Li Yaoxin, Ogorzalek Tadeusz L, Wei Shuai, Zhang Xiaoxian, Yang Pei, Jasensky Joshua, Brooks Charles L, Marsh E Neil G, Chen Zhan
Department of Chemistry, University of Michigan, Ann Arbor, Michigan 48109, USA.
Phys Chem Chem Phys. 2018 Jan 3;20(2):1021-1029. doi: 10.1039/c7cp06063g.
Tethering peptides and proteins to abiotic surfaces has the potential to create biomolecule-functionalized surfaces with useful properties. Commonly used methods of immobilization lack control over the orientation in which biological molecules are covalently or physically bound to the surface, leading to sub-optimal materials. Here we use an engineered beta-galactosidase that can be chemically immobilized on a surface with a well-defined orientation through unique surface-accessible cysteine residues. A combined study using sum frequency generation (SFG) vibrational spectroscopy and coarse grained molecular dynamics (MD) simulations was performed to determine the effects of enzyme immobilization site and abiotic surface chemistry on enzyme surface orientation, surface coverage, and catalytic activity. Two beta-galactosidase variants that were immobilized through cysteine introduced at positions 227 and 308 were studied. In both cases, when the abiotic surface was made more hydrophilic, the enzyme surface coverage decreased, but the activity increased. MD simulations indicated that this is due to the weakened interactions between the immobilized enzyme and the more hydrophilic surface. These studies provide improved understanding of how enzyme-surface interactions can be optimized to maximize the catalytic activity of surface tethered enzymes.

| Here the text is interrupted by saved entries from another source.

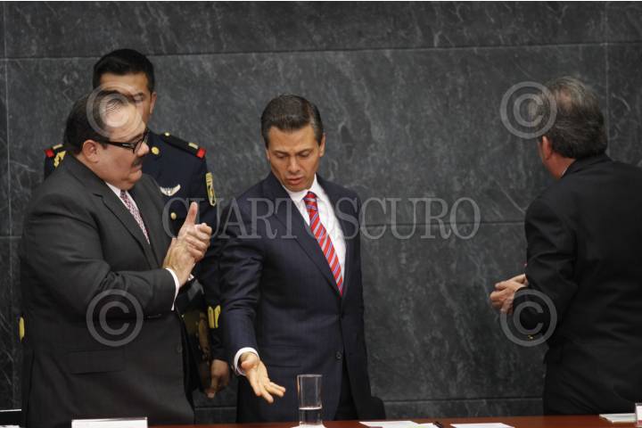 MÉXICO, D.F., 06MARZO2014.- Fernando Abusaid Quinard, presidente de la Cámara Nacional de Vivienda (Canadevi), Jorge Carlos Ramírez Marín, secretario de Desarrollo Agrario, Territorial y Urbano y Enrique Peña Nieto, Presidente de México, durante la ceremonia en donde se entregó el Premio Nacional de Vivienda, en la residencia oficial de Los Pinos. FOTO: MOISÉS PABLO /CUARTOSCURO.COM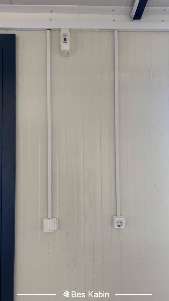 Eleketrik gücü 2000 W 220 Volt Prizler için 3×1,5 NYM Kablo, aydınlatmalar için 2×1,5 NYM TSE belgeli kablolar kullanılmaktadır.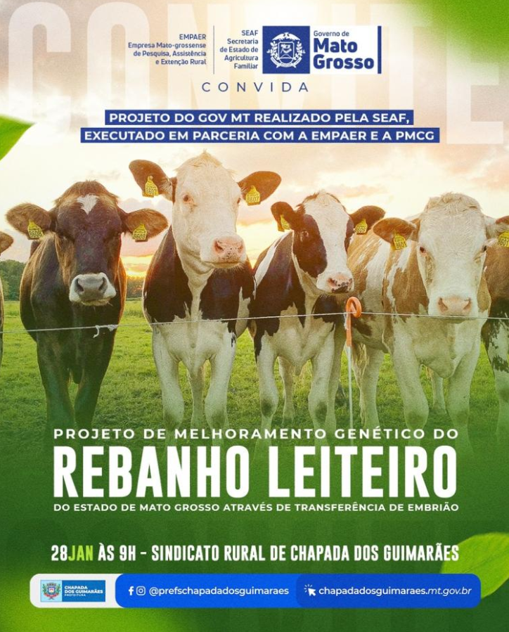 Chapada dos Guimarães recebe, nesta terça-feira (28), uma importante ação voltada ao fortalecimento da pecuária leiteira no município e em toda a região. A partir das 9h, no Sindicato Rural, a Prefeitura Municipal, em parceria com o Governo de Mato Grosso, realiza uma etapa presencial do Projeto de Melhoramento Genético do Rebanho Leiteiro, iniciativa estratégica para o desenvolvimento da agricultura familiar.

将肽和蛋白质连接到非生物表面有可能创造出具有有用特性的生物分子功能化表面。常用的固定方法无法控制生物分子与表面共价或物理结合的方向,导致材料性能欠佳。在此,我们使用一种经过工程改造的β-半乳糖苷酶,它可以通过独特的可接近表面的半胱氨酸残基以明确的方向化学固定在表面。我们进行了一项结合和频振动光谱(SFG)与粗粒度分子动力学(MD)模拟的研究,以确定酶固定位点和非生物表面化学对酶表面方向、表面覆盖率和催化活性的影响。研究了通过在227位和308位引入半胱氨酸而固定的两种β-半乳糖苷酶变体。在这两种情况下,当非生物表面变得更亲水时,酶的表面覆盖率降低,但活性增加。MD模拟表明,这是由于固定化酶与更亲水表面之间的相互作用减弱所致。这些研究有助于更好地理解如何优化酶-表面相互作用,以最大限度地提高表面固定化酶的催化活性。